Il ne m’est plus nécessaire de « comprendre » l’autre, c'est-à-dire de la réduire au modèle de ma propre transparence, pour vivre avec cet autre ou construire avec lui.559

La créolisation remplace le terme d’évènement (qui présuppose une fermeture sur l’habituel) par celui de « Relation ». La rencontre avec l’altérité textuelle n’aboutirait alors plus à la décision d’une signification mais bien à la multiplication des hypothèses et à l’acceptation de l’incompréhensible en tant que tel. C’est le « droit pour chacun à l’opacité »560

.

À travers des récits multiples de la vie d’autres personnages (plus ou moins complexes, plus ou moins imaginés), l’enfant cède la place centrale chez Patrick Chamoiseau et Dany Laferrière.

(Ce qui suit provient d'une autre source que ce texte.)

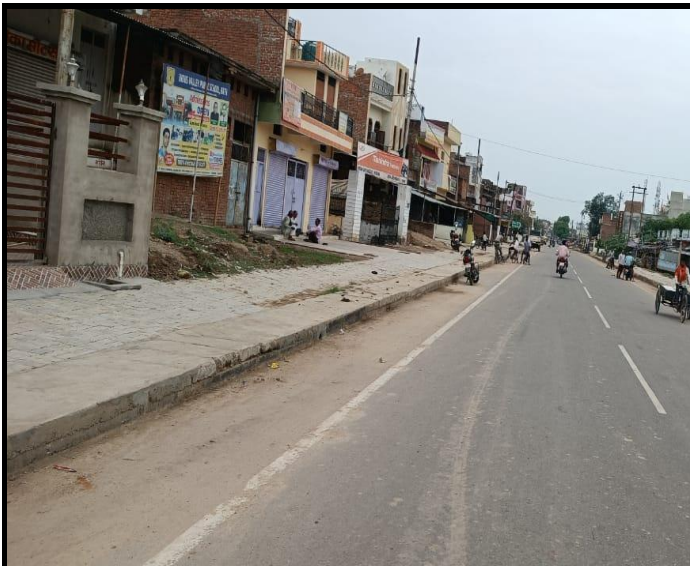
Weep Holes Cleaning Completed
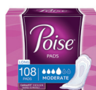
Poise Incontinence Pads, Moderate, Long, 108 ct
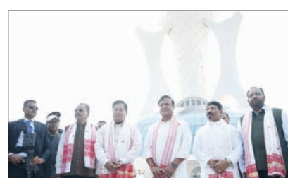
"The Assam Movement united the greater Assamese society for a national cause, and its spirit lives on today as an unending pledge to safeguard identity and existence," the Union minister of ports, shipping and waterways said.

Speaking on the occasion, Sonowal said the unparalleled sacrifice and courage of the martyrs would forever inspire generations to contribute meaningfully to the journey of nation-building while safeguarding land, language, culture, and identity.

Il reste l’observateur mais relate ainsi les réalités et les fantasmes d’une société, ce qui permet à l’auteur de créer des liens entre les personnes, de tisser la construction d’une société dans le texte. Les rencontres et dialogues permettent ce désaxement.

Les micro-récits constituent une partie importante de l’œuvre de Dany Laferrière, qui met en scène les différents espaces de rencontre et de discussion entre individus. La galerie est un espace central, non seulement pour l’enfant, mais pour les échanges entre voisins, habitants et passants.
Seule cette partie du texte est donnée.